Рита ворчит, не выдавая ни радости, ни согласия. Она поразмыслит над этим, говорит ворчание, когда ее душеньке будет угодно. Она развязывает цыпленка, разворачивает бумагу. Тычет в цыпленка, дергает за крыло, сует палец в дырку, выуживает потроха. Цыпленок лежит на столе, безголовый и безногий, покрытый гусиной кожей, будто мерзнет.
   — Банный день, — сообщает Рита, не глядя на меня. Из буфетной в глубине, где хранят тряпки и швабры,
   выходит Кора.
   — Цыпленок, — говорит она почти в восторге.
   — Тощий, — отвечает Рита, — но уж какой есть.
   — Там больше почти ничего не было, — говорю я. Рита как будто не слышит.
   — По-моему, довольно здоровый, — говорит Кора. Меня защищает? Я смотрю на нее — не надо ли улыбнуться? — но нет, он думает только о еде. Она моложе Риты; солнце, косящее через западное окно, падает на ее волосы, оттянутые назад и расчесанные на прямой пробор. Наверное, она совсем недавно была красивая. На ушах отметинки, точно ямочки, там, где заросли дырки для серег.
   — Высокий, — говорит Рита, — зато костлявый. Надо было им сказать, — прибавляет она, впервые глядя мне в лицо. — Чай, не простолюдины. — Она имеет в виду ранг Командора. Но в ином смысле, ее собственном смысле, она считает простолюдинкой меня. Ей за шестьдесят, ее не разубедишь.
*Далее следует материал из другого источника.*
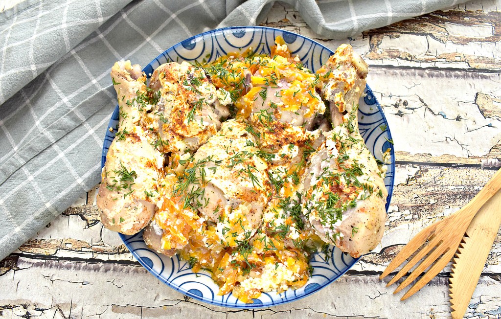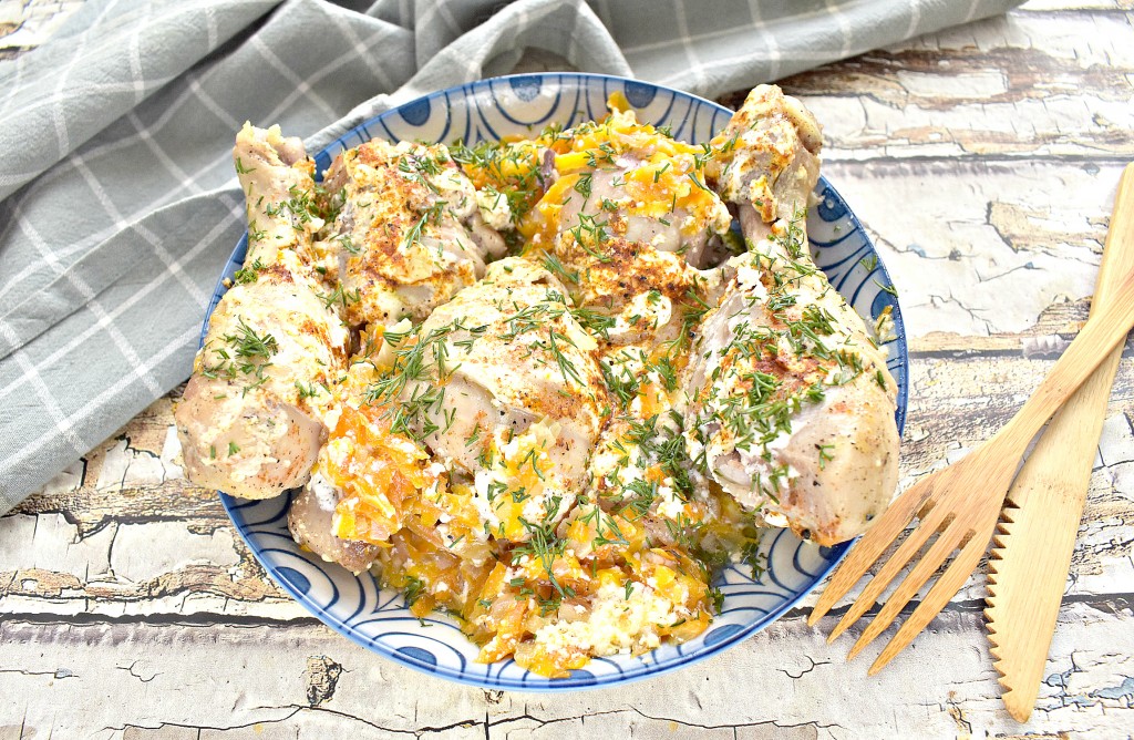 Сверху посыпаем приправой для приготовления блюд из курицы.

   Она отходит к раковине, поспешно сует руки под струю из крана, вытирает посудным полотенцем. Посудное полотенце — белое с синими полосами. Посудные полотенца ни капли не изменились. Порой эти вспышки нормальности напрыгивают на меня, точно из засады. Обыкновенность, привычность, напоминание — пинком. Я вижу полотенце вне контекста, и у меня перехватывает дыхание. Для некоторых, в некотором смысле, особо ничего не изменилось.
   — Кто моет ванну? — спрашивает Рита — Кору, не меня. — Мне надо птичку вымачивать.
   — Я вымою потом, — говорит Кора. — Только пыль вытру.
   — Ты главное вымой, — говорит Рита.
   Они говорят обо мне так, будто я не слышу. Для них я — очередная работа по дому, одна из множества.
 
   Меня отпустили. Я забираю корзинку, выхожу из кухни, шагаю по коридору к напольным часам. Дверь в покои закрыта. Солнце пронзило витраж, распалось на осколки на полу: красные и синие, фиолетовые. Я на секунду ступаю туда, протягиваю руки; они полны цветами света. Поднимаюсь по лестнице; мое далекое, белое, искаженное лицо обрамлено зеркалом, что выпячивается, будто глаз под давлением. Я бреду по грязно-розовой дорожке вдоль длинного коридора на втором этаже — в комнату.
 
   Кто-то стоит возле комнаты, куда меня поселили. В коридоре сумрачно; это мужчина, спиной ко мне; он смотрит в комнату, темный в комнатном свете. Я теперь вижу — это Командор, ему тут быть не полагается. Он слышит шаги, поворачивается, мнется, идет. Ко мне. Он нарушил обычай, что мне теперь делать?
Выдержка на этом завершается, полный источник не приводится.